▸ ABOUT THIS EXERCISE: Please give back the listing below word for word and drop any images.

▸ MATERIAL FOR THIS TASK:
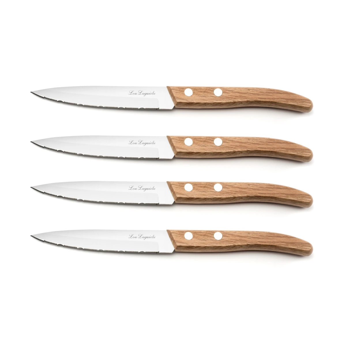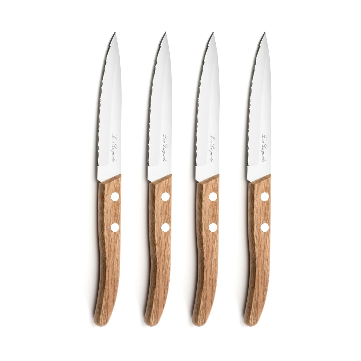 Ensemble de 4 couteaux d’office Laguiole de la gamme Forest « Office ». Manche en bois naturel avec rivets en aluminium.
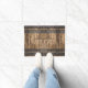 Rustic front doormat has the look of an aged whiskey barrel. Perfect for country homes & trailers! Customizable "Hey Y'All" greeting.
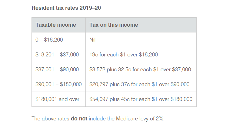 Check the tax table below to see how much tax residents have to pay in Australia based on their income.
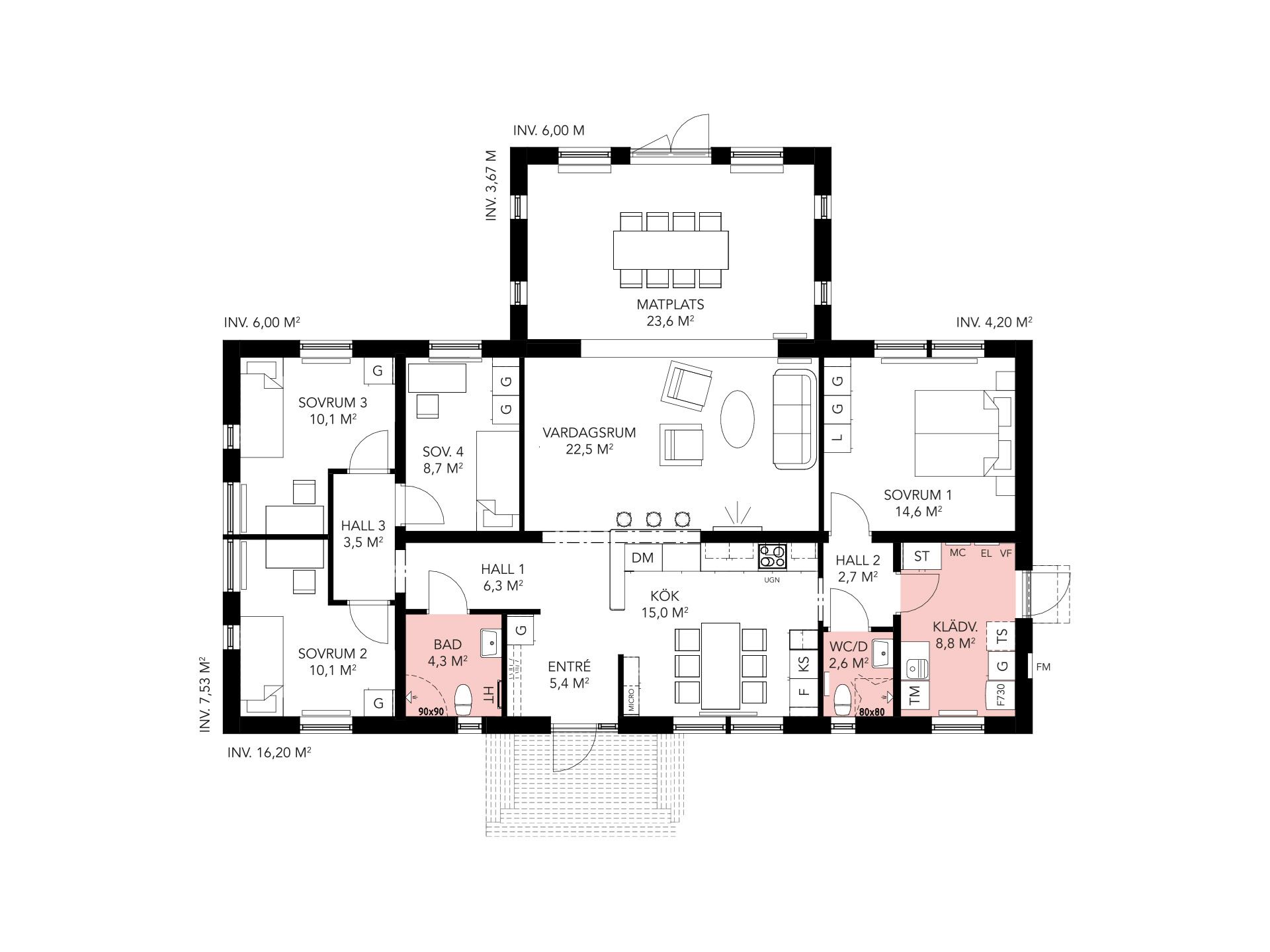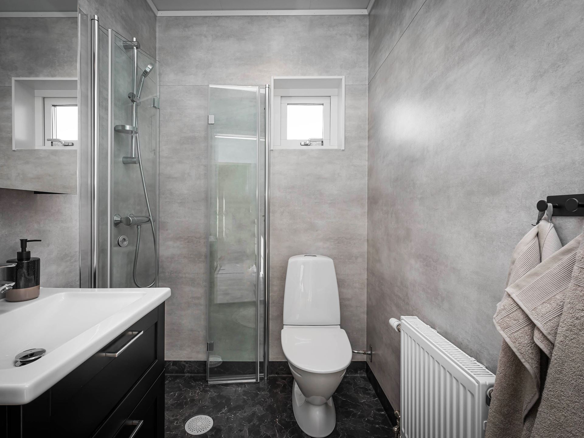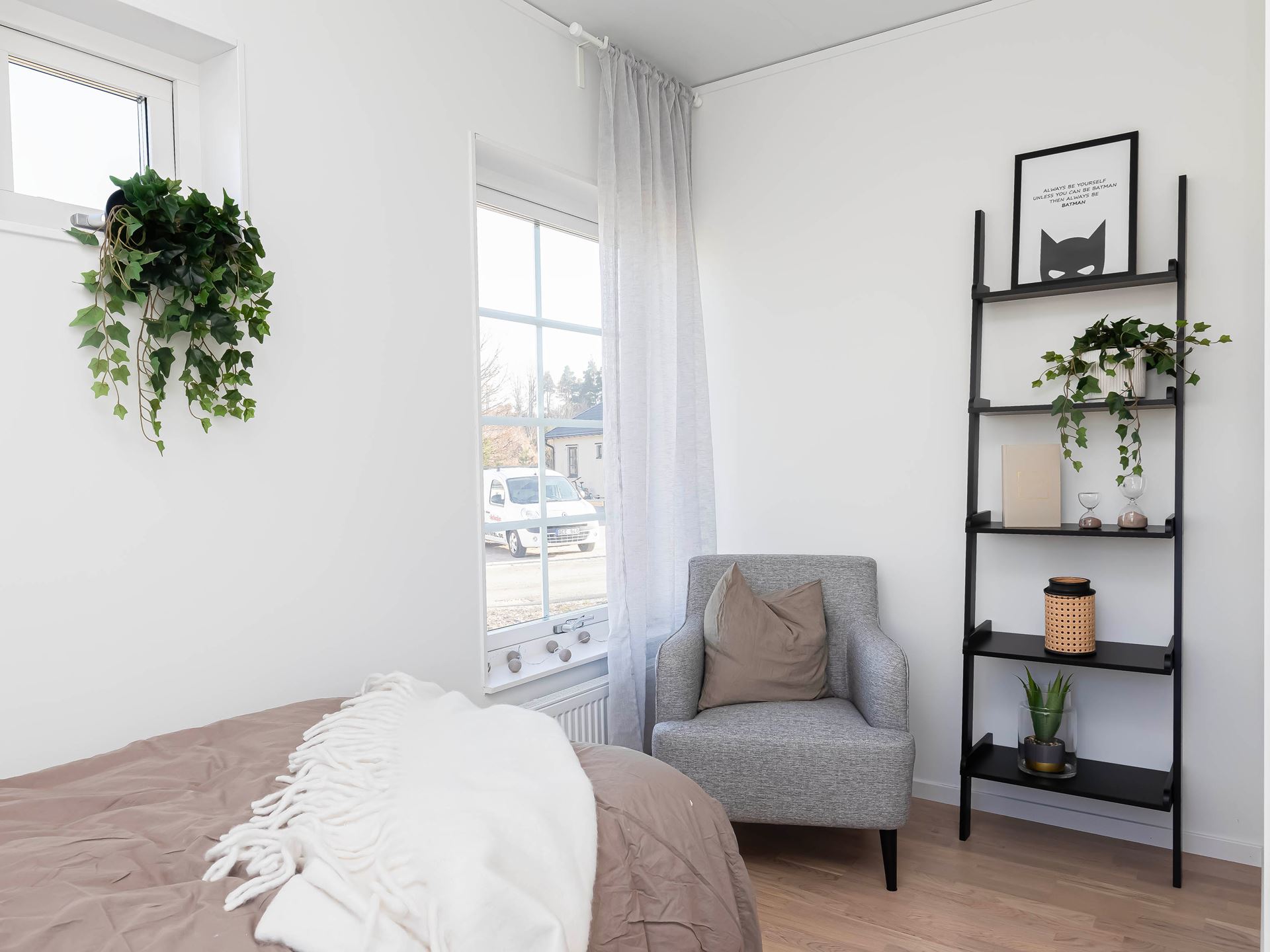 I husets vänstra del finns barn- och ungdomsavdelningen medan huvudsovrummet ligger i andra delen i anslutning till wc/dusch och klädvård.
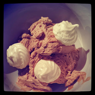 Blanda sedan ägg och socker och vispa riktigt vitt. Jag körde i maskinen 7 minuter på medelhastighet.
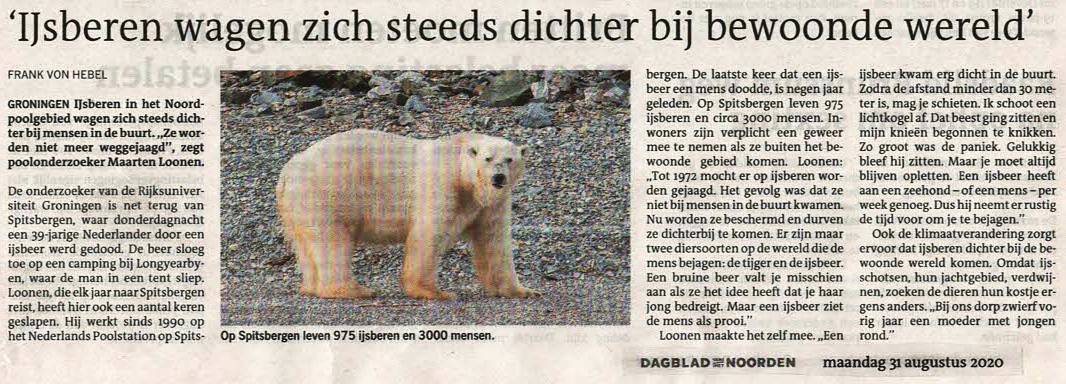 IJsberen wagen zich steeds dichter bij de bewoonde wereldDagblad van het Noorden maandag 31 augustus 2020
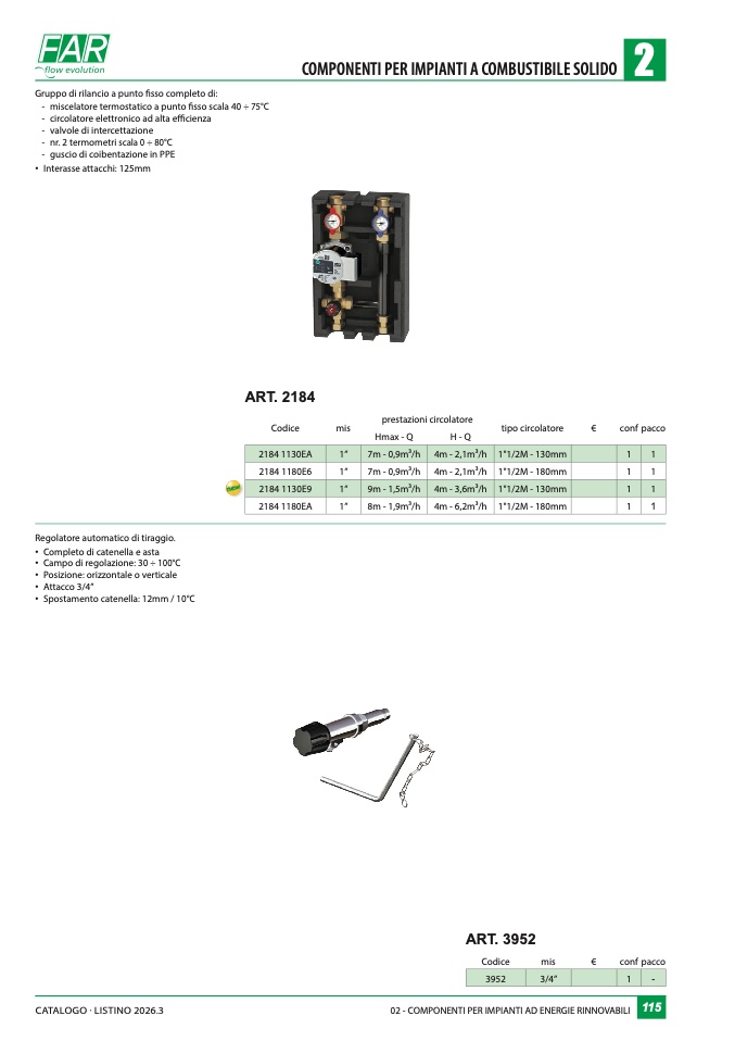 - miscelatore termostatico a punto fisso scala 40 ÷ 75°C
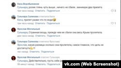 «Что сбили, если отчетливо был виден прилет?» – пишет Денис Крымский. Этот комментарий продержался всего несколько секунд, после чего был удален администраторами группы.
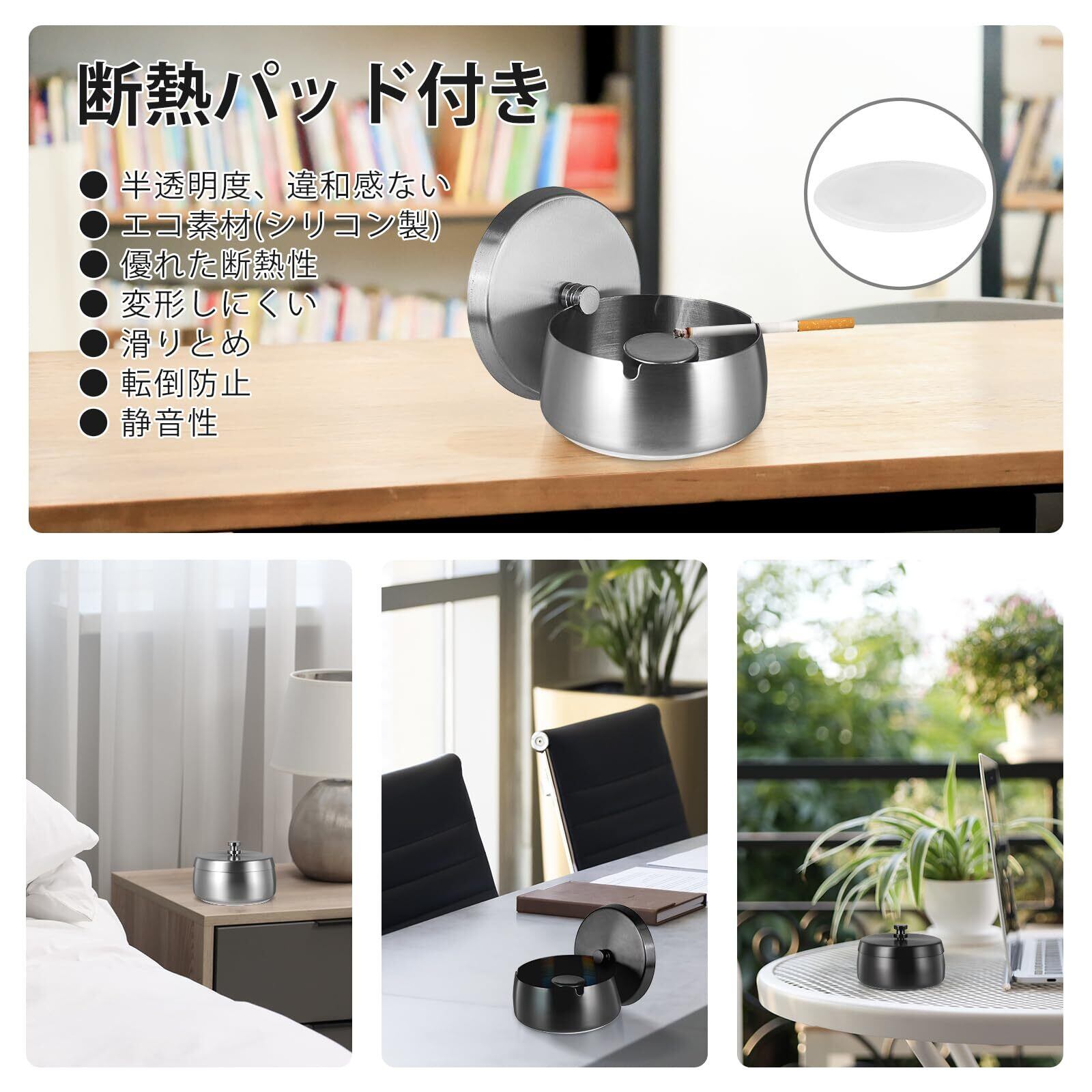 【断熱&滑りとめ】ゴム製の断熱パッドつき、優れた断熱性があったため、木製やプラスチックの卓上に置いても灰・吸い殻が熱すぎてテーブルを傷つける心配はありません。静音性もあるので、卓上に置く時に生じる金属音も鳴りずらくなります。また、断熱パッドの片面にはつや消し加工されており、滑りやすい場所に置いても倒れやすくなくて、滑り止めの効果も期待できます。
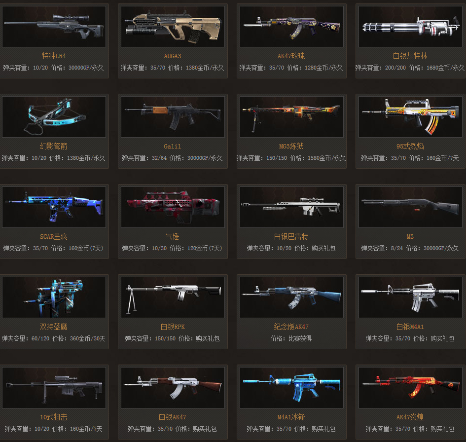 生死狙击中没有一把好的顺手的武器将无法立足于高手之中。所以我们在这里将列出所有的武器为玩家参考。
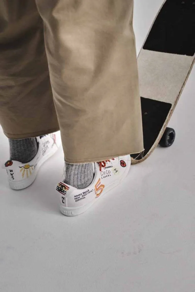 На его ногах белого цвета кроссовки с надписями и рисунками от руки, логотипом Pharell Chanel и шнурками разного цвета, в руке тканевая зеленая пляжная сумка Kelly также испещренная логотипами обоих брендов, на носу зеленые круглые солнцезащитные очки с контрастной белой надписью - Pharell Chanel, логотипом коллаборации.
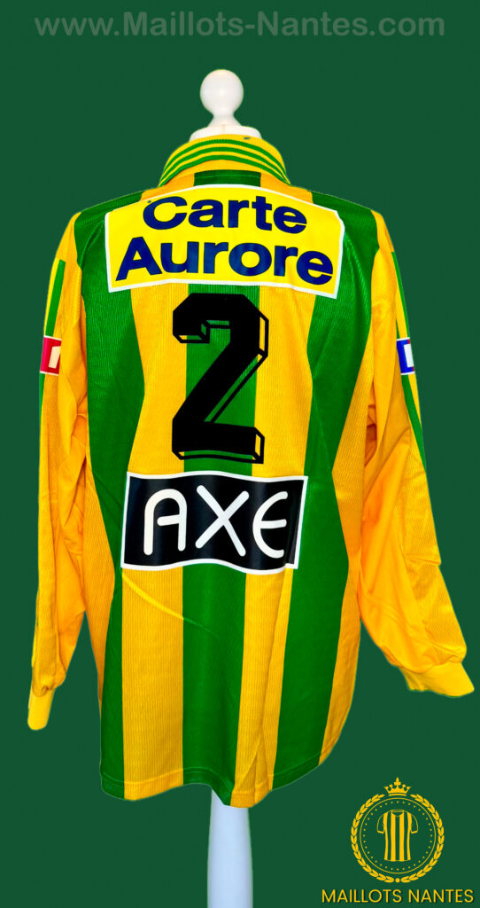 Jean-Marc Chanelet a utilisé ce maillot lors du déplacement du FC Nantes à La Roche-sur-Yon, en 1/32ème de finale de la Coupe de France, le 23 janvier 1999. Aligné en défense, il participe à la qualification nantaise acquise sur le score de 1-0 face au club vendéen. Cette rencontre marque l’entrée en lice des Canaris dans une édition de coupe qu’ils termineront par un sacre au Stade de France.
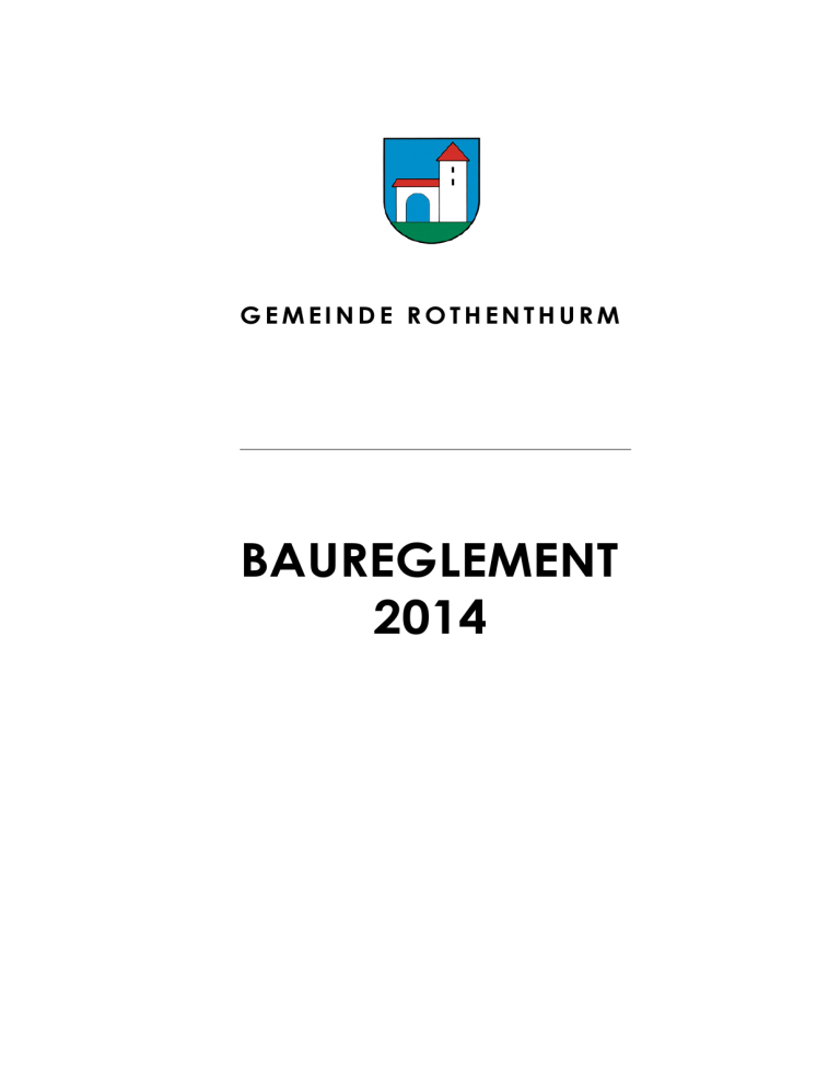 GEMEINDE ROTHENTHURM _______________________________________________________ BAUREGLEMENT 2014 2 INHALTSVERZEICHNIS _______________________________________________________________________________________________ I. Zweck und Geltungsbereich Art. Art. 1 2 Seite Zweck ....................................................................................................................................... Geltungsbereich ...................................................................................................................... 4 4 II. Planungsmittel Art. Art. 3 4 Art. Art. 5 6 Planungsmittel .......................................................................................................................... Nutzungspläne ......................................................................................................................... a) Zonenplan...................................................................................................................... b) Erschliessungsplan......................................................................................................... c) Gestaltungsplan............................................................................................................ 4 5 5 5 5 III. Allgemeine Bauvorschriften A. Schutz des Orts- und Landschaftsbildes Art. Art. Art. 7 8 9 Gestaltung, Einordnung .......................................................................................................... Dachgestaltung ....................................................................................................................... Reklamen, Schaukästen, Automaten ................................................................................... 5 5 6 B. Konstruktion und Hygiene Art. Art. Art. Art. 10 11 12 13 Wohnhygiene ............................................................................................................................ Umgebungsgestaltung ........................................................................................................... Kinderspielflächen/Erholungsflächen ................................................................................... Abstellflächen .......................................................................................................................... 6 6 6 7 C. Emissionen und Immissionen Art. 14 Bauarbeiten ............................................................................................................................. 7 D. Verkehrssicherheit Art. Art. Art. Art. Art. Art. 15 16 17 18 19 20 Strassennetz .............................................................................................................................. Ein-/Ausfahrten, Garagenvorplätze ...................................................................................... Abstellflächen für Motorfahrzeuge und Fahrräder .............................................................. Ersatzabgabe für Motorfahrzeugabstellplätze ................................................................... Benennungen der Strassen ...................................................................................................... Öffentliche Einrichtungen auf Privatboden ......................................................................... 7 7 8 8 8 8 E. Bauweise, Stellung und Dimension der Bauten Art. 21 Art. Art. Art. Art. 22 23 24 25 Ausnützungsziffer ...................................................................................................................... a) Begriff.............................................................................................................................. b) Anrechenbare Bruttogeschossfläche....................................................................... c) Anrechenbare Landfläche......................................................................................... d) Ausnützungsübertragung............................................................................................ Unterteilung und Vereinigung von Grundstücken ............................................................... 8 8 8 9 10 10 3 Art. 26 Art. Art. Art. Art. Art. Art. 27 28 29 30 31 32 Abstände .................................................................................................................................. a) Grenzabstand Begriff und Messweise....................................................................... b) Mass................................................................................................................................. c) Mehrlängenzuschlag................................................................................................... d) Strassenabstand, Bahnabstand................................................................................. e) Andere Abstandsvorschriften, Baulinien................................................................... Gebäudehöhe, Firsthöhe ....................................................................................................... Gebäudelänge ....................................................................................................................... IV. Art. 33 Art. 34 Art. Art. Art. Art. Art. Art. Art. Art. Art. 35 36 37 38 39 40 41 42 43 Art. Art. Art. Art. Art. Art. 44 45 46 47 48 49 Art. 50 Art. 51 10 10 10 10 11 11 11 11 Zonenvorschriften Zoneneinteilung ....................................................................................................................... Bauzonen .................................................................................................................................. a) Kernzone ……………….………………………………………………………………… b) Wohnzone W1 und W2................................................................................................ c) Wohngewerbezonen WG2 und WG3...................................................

▸ RESPONSE:
 Ensemble de 4 couteaux d’office Laguiole de la gamme Forest « Office ». Manche en bois naturel avec rivets en aluminium.
 Rustic front doormat has the look of an aged whiskey barrel. Perfect for country homes & trailers! Customizable "Hey Y'All" greeting.
 Check the tax table below to see how much tax residents have to pay in Australia based on their income.
 I husets vänstra del finns barn- och ungdomsavdelningen medan huvudsovrummet ligger i andra delen i anslutning till wc/dusch och klädvård.
 Blanda sedan ägg och socker och vispa riktigt vitt. Jag körde i maskinen 7 minuter på medelhastighet.
 IJsberen wagen zich steeds dichter bij de bewoonde wereldDagblad van het Noorden maandag 31 augustus 2020
 - miscelatore termostatico a punto fisso scala 40 ÷ 75°C
 «Что сбили, если отчетливо был виден прилет?» – пишет Денис Крымский. Этот комментарий продержался всего несколько секунд, после чего был удален администраторами группы.
 【断熱&滑りとめ】ゴム製の断熱パッドつき、優れた断熱性があったため、木製やプラスチックの卓上に置いても灰・吸い殻が熱すぎてテーブルを傷つける心配はありません。静音性もあるので、卓上に置く時に生じる金属音も鳴りずらくなります。また、断熱パッドの片面にはつや消し加工されており、滑りやすい場所に置いても倒れやすくなくて、滑り止めの効果も期待できます。
 生死狙击中没有一把好的顺手的武器将无法立足于高手之中。所以我们在这里将列出所有的武器为玩家参考。
 На его ногах белого цвета кроссовки с надписями и рисунками от руки, логотипом Pharell Chanel и шнурками разного цвета, в руке тканевая зеленая пляжная сумка Kelly также испещренная логотипами обоих брендов, на носу зеленые круглые солнцезащитные очки с контрастной белой надписью - Pharell Chanel, логотипом коллаборации.
 Jean-Marc Chanelet a utilisé ce maillot lors du déplacement du FC Nantes à La Roche-sur-Yon, en 1/32ème de finale de la Coupe de France, le 23 janvier 1999. Aligné en défense, il participe à la qualification nantaise acquise sur le score de 1-0 face au club vendéen. Cette rencontre marque l’entrée en lice des Canaris dans une édition de coupe qu’ils termineront par un sacre au Stade de France.
 GEMEINDE ROTHENTHURM _______________________________________________________ BAUREGLEMENT 2014 2 INHALTSVERZEICHNIS _______________________________________________________________________________________________ I. Zweck und Geltungsbereich Art. Art. 1 2 Seite Zweck ....................................................................................................................................... Geltungsbereich ...................................................................................................................... 4 4 II. Planungsmittel Art. Art. 3 4 Art. Art. 5 6 Planungsmittel .......................................................................................................................... Nutzungspläne ......................................................................................................................... a) Zonenplan...................................................................................................................... b) Erschliessungsplan......................................................................................................... c) Gestaltungsplan............................................................................................................ 4 5 5 5 5 III. Allgemeine Bauvorschriften A. Schutz des Orts- und Landschaftsbildes Art. Art. Art. 7 8 9 Gestaltung, Einordnung .......................................................................................................... Dachgestaltung ....................................................................................................................... Reklamen, Schaukästen, Automaten ................................................................................... 5 5 6 B. Konstruktion und Hygiene Art. Art. Art. Art. 10 11 12 13 Wohnhygiene ............................................................................................................................ Umgebungsgestaltung ........................................................................................................... Kinderspielflächen/Erholungsflächen ................................................................................... Abstellflächen .......................................................................................................................... 6 6 6 7 C. Emissionen und Immissionen Art. 14 Bauarbeiten ............................................................................................................................. 7 D. Verkehrssicherheit Art. Art. Art. Art. Art. Art. 15 16 17 18 19 20 Strassennetz .............................................................................................................................. Ein-/Ausfahrten, Garagenvorplätze ...................................................................................... Abstellflächen für Motorfahrzeuge und Fahrräder .............................................................. Ersatzabgabe für Motorfahrzeugabstellplätze ................................................................... Benennungen der Strassen ...................................................................................................... Öffentliche Einrichtungen auf Privatboden ......................................................................... 7 7 8 8 8 8 E. Bauweise, Stellung und Dimension der Bauten Art. 21 Art. Art. Art. Art. 22 23 24 25 Ausnützungsziffer ...................................................................................................................... a) Begriff.............................................................................................................................. b) Anrechenbare Bruttogeschossfläche....................................................................... c) Anrechenbare Landfläche......................................................................................... d) Ausnützungsübertragung............................................................................................ Unterteilung und Vereinigung von Grundstücken ............................................................... 8 8 8 9 10 10 3 Art. 26 Art. Art. Art. Art. Art. Art. 27 28 29 30 31 32 Abstände .................................................................................................................................. a) Grenzabstand Begriff und Messweise....................................................................... b) Mass................................................................................................................................. c) Mehrlängenzuschlag................................................................................................... d) Strassenabstand, Bahnabstand................................................................................. e) Andere Abstandsvorschriften, Baulinien................................................................... Gebäudehöhe, Firsthöhe ....................................................................................................... Gebäudelänge ....................................................................................................................... IV. Art. 33 Art. 34 Art. Art. Art. Art. Art. Art. Art. Art. Art. 35 36 37 38 39 40 41 42 43 Art. Art. Art. Art. Art. Art. 44 45 46 47 48 49 Art. 50 Art. 51 10 10 10 10 11 11 11 11 Zonenvorschriften Zoneneinteilung ....................................................................................................................... Bauzonen .................................................................................................................................. a) Kernzone ……………….………………………………………………………………… b) Wohnzone W1 und W2................................................................................................ c) Wohngewerbezonen WG2 und WG3...................................................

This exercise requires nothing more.